──────── Extracted material

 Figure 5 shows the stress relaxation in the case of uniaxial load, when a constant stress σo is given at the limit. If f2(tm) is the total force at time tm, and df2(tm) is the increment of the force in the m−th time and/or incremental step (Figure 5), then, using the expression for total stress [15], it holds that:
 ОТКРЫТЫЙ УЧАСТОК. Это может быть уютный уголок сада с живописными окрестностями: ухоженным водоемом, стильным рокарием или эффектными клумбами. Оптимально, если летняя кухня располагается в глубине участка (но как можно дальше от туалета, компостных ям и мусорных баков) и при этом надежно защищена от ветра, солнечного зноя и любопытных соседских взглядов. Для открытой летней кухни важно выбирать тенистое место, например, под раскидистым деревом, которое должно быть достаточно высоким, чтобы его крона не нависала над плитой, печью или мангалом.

────────────────
──────── Extracted material

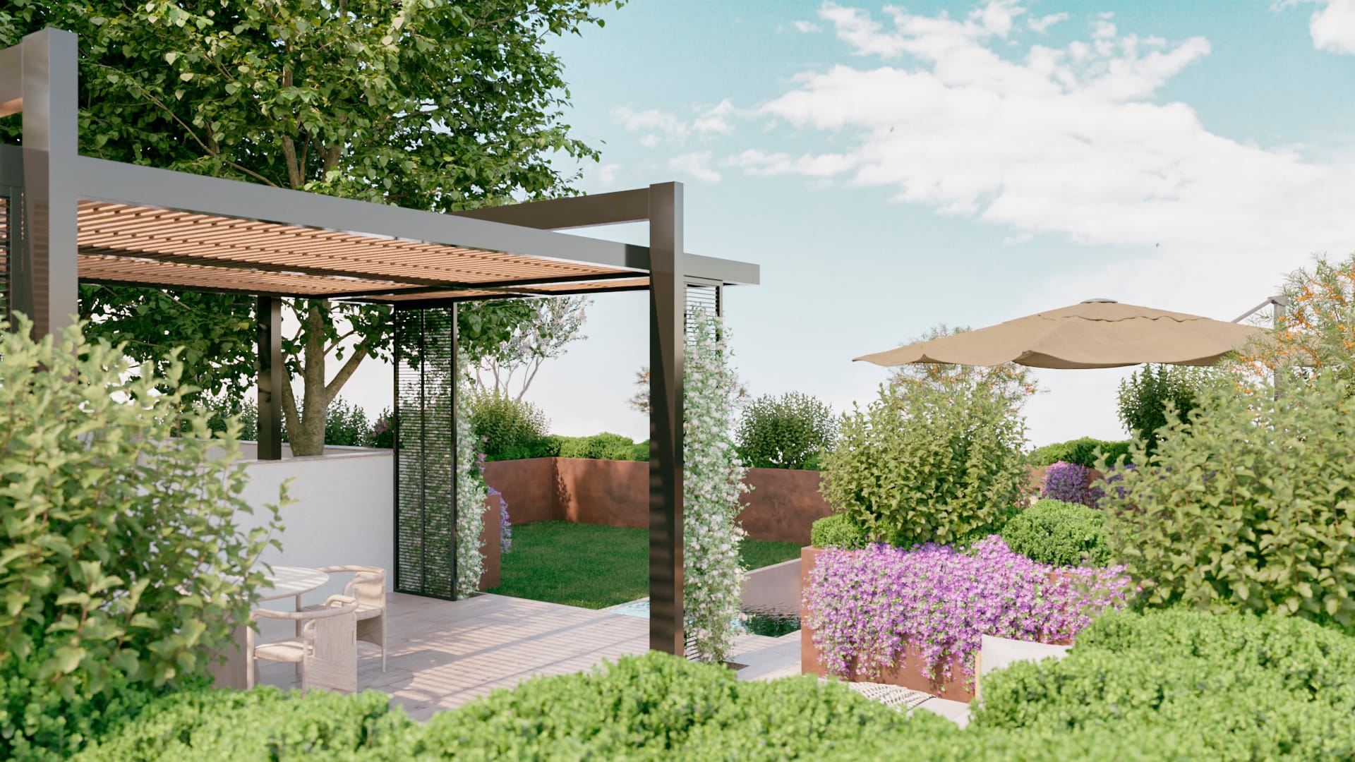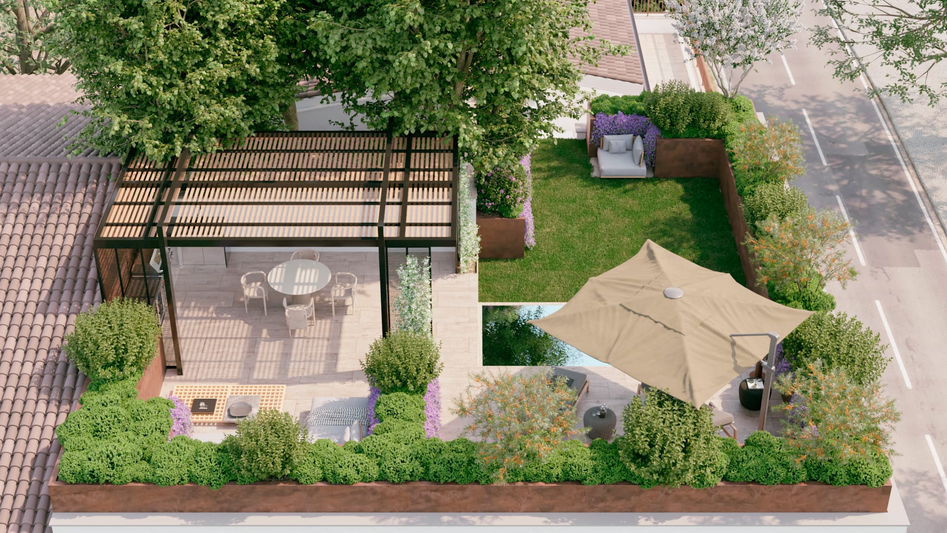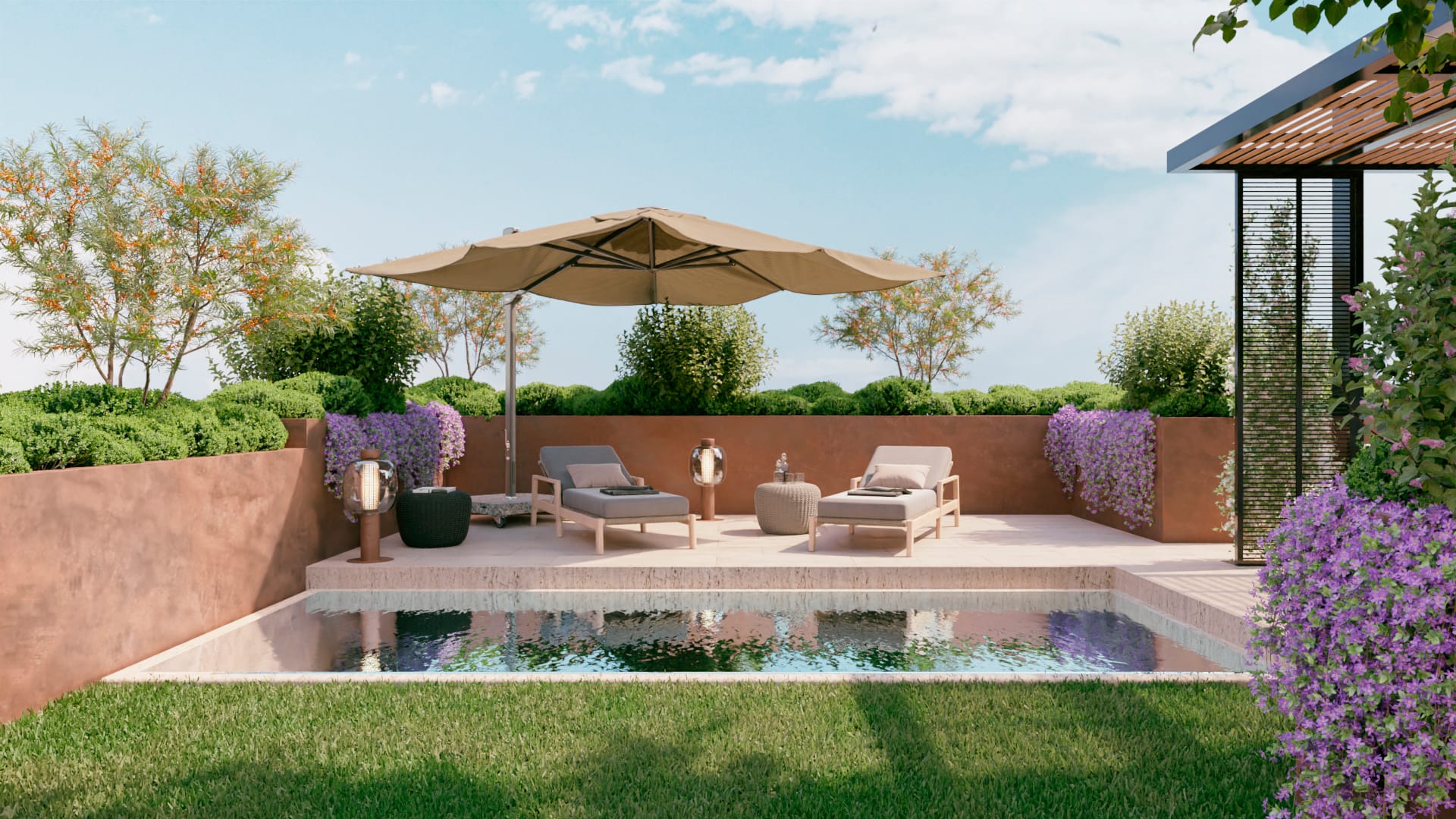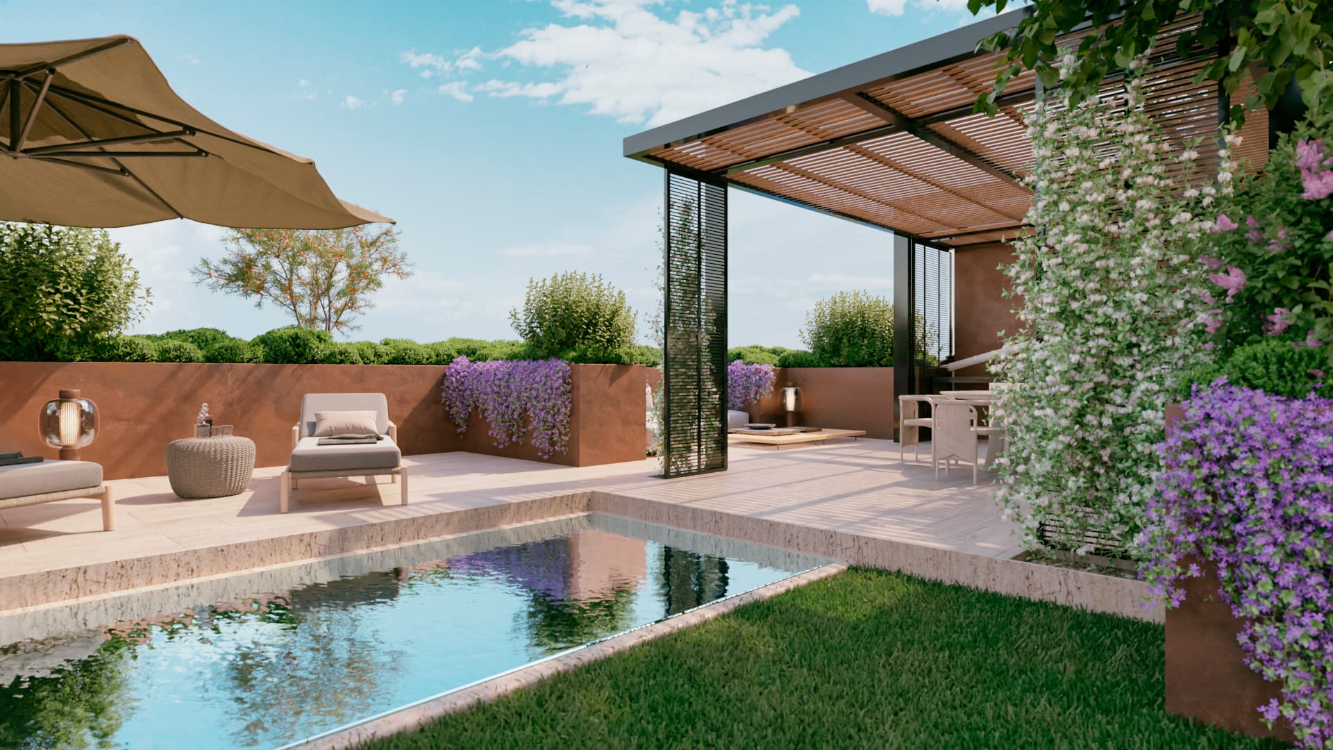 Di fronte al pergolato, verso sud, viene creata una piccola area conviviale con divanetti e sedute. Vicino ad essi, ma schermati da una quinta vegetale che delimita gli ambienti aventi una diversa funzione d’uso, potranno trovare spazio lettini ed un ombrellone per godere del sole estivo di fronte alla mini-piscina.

────────────────

#### Task:
The expected answer is an exact copy of the lines above, beginning at the line with "Figure 5 shows" and ending at the line with "ОТКРЫТЫЙ УЧАСТОК. Это", with both ends in.

#### Result of this exercise:
 Figure 5 shows the stress relaxation in the case of uniaxial load, when a constant stress σo is given at the limit. If f2(tm) is the total force at time tm, and df2(tm) is the increment of the force in the m−th time and/or incremental step (Figure 5), then, using the expression for total stress [15], it holds that:
 ОТКРЫТЫЙ УЧАСТОК. Это может быть уютный уголок сада с живописными окрестностями: ухоженным водоемом, стильным рокарием или эффектными клумбами. Оптимально, если летняя кухня располагается в глубине участка (но как можно дальше от туалета, компостных ям и мусорных баков) и при этом надежно защищена от ветра, солнечного зноя и любопытных соседских взглядов. Для открытой летней кухни важно выбирать тенистое место, например, под раскидистым деревом, которое должно быть достаточно высоким, чтобы его крона не нависала над плитой, печью или мангалом.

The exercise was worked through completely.